Your response to the data below should hold nothing except the lines from the one containing "น.ร. 30 เป็นดังนี้" down to the one containing "Bloc porte métallique", reproduced exactly and without pictures.

── Data for review

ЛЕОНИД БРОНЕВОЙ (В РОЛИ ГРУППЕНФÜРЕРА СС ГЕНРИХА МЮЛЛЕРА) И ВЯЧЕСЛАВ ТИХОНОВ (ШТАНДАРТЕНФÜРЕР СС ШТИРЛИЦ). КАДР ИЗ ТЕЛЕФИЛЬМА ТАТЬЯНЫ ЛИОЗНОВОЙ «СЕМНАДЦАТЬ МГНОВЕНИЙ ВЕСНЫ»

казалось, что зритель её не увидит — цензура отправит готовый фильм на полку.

────
── Data for review

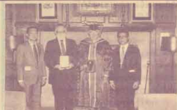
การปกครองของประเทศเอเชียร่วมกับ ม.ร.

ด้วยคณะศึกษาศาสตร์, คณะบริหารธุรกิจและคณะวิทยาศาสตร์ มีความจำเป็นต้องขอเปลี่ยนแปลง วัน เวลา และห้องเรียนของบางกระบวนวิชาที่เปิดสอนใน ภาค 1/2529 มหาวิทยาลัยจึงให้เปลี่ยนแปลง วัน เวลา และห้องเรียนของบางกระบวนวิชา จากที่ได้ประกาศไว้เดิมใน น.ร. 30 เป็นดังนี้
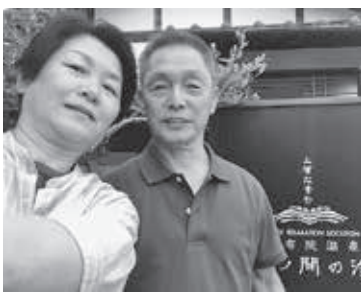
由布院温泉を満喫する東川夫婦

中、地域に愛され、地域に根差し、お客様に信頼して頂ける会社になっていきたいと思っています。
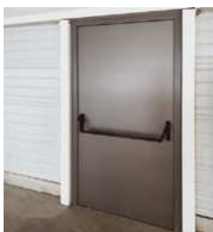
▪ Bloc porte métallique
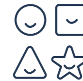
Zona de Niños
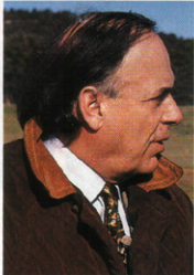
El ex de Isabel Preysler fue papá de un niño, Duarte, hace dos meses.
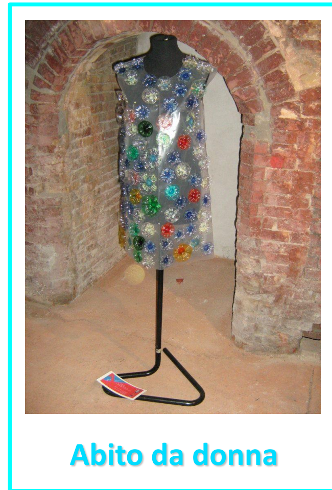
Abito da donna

────

• **Response box**
ด้วยคณะศึกษาศาสตร์, คณะบริหารธุรกิจและคณะวิทยาศาสตร์ มีความจำเป็นต้องขอเปลี่ยนแปลง วัน เวลา และห้องเรียนของบางกระบวนวิชาที่เปิดสอนใน ภาค 1/2529 มหาวิทยาลัยจึงให้เปลี่ยนแปลง วัน เวลา และห้องเรียนของบางกระบวนวิชา จากที่ได้ประกาศไว้เดิมใน น.ร. 30 เป็นดังนี้
由布院温泉を満喫する東川夫婦

中、地域に愛され、地域に根差し、お客様に信頼して頂ける会社になっていきたいと思っています。
▪ Bloc porte métallique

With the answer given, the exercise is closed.